##### SUPPLIED DATA #####

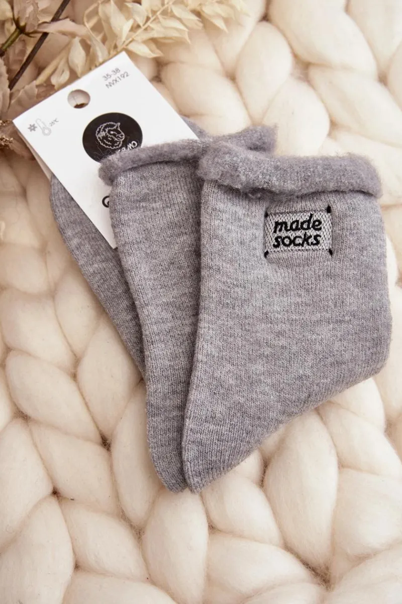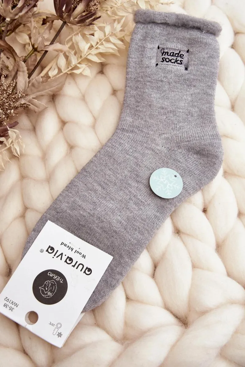 Ciepłe skarpety damskie idealne na mroźne dni. Model z małą naszywką. Lekki ściągacz sprawi, że będą idealnie dopasowane do tęgości nogi. Koniecznie powinnaś je mieć!
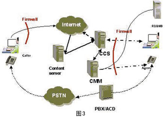----圖2說明了在集成互聯(lián)網(wǎng)電話網(wǎng)關(guān)時(shí)進(jìn)行協(xié)同會(huì)話的流程,圖中實(shí)線為數(shù)據(jù)信息傳遞的鏈路,虛線為語音傳遞的鏈路。通過ITG和PBX/ACD 的特定交互接口,將呼叫中心外部的IP電話鏈路集成到CCIS系統(tǒng)中。值得注意的是,ITG 和CCS需要安裝在企業(yè)防火墻的外側(cè),以方便呼叫者的訪問。
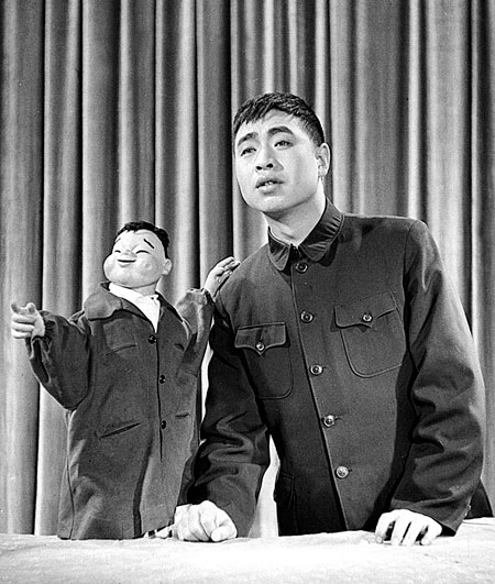 馬季的相聲表演獨(dú)具特色,圖為馬季在1965年拍攝的木偶片《畫像》中演出。
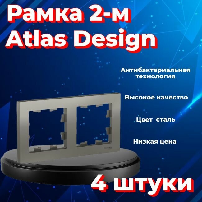 Купить Рамка двойная для розеток и выключателей Schneider Electric (Systeme Electric) Atlas Design сталь ATN000902 - 4 шт.
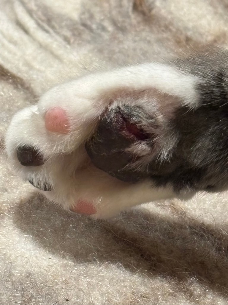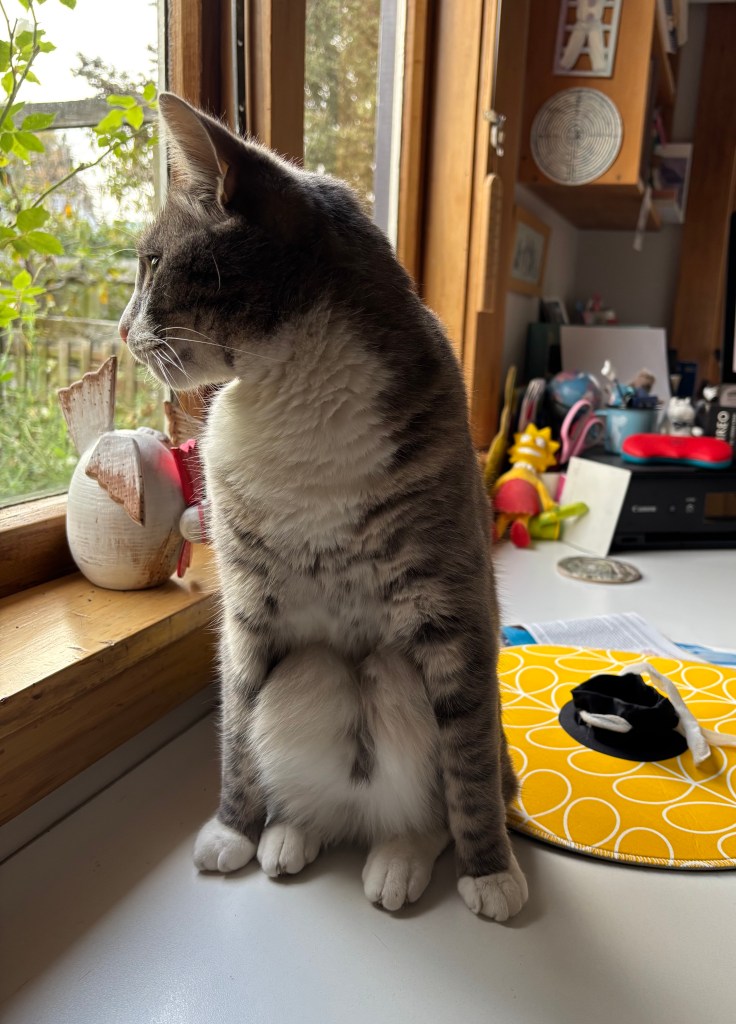 Felix has just come in with that triumphant trot he has when he’s pleased with himself. He’s licking his lips – has he polished it off?
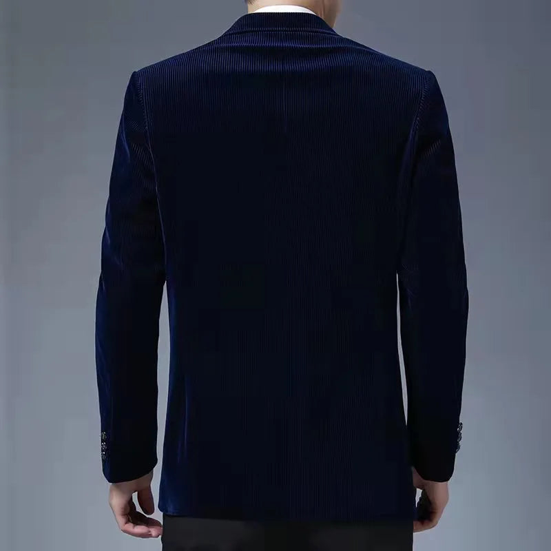 Elegant High-end Style Men Jewel-blue Corduroy blazer
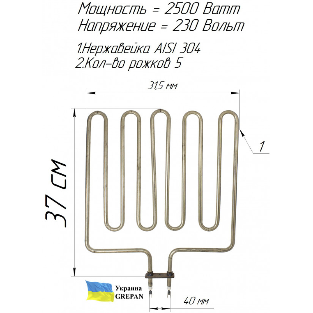Характеристики:Напруга, В: 220Потужність, кВт: 0,8Матеріал оболочки: Вуглецева стальЗанурювальна довжина, мм: 380Наповнювач ТЕНу: Кварцовий пісокКонтакт: М3Матеріал ..
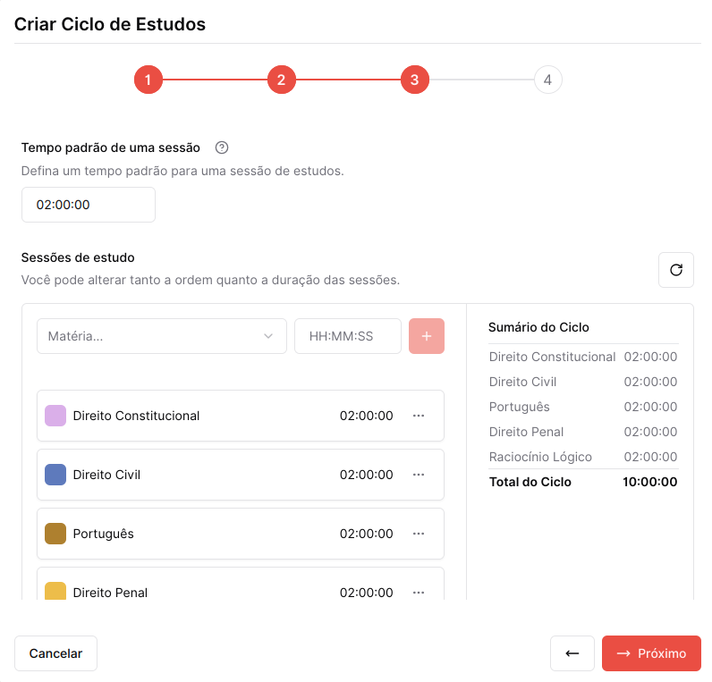 Avançando novamente, chegamos à terceira etapa do formulário. É nesta etapa que serão criadas as sessões de estudo, obedecidos os tempos configurados para cada matéria.

#####

Please retype the whole of the data precisely, omitting pictures.

 Ciepłe skarpety damskie idealne na mroźne dni. Model z małą naszywką. Lekki ściągacz sprawi, że będą idealnie dopasowane do tęgości nogi. Koniecznie powinnaś je mieć!
----圖2說明了在集成互聯(lián)網(wǎng)電話網(wǎng)關(guān)時(shí)進(jìn)行協(xié)同會(huì)話的流程,圖中實(shí)線為數(shù)據(jù)信息傳遞的鏈路,虛線為語音傳遞的鏈路。通過ITG和PBX/ACD 的特定交互接口,將呼叫中心外部的IP電話鏈路集成到CCIS系統(tǒng)中。值得注意的是,ITG 和CCS需要安裝在企業(yè)防火墻的外側(cè),以方便呼叫者的訪問。
 馬季的相聲表演獨(dú)具特色,圖為馬季在1965年拍攝的木偶片《畫像》中演出。
 Купить Рамка двойная для розеток и выключателей Schneider Electric (Systeme Electric) Atlas Design сталь ATN000902 - 4 шт.
 Felix has just come in with that triumphant trot he has when he’s pleased with himself. He’s licking his lips – has he polished it off?
 Elegant High-end Style Men Jewel-blue Corduroy blazer
Характеристики:Напруга, В: 220Потужність, кВт: 0,8Матеріал оболочки: Вуглецева стальЗанурювальна довжина, мм: 380Наповнювач ТЕНу: Кварцовий пісокКонтакт: М3Матеріал ..
 Avançando novamente, chegamos à terceira etapa do formulário. É nesta etapa que serão criadas as sessões de estudo, obedecidos os tempos configurados para cada matéria.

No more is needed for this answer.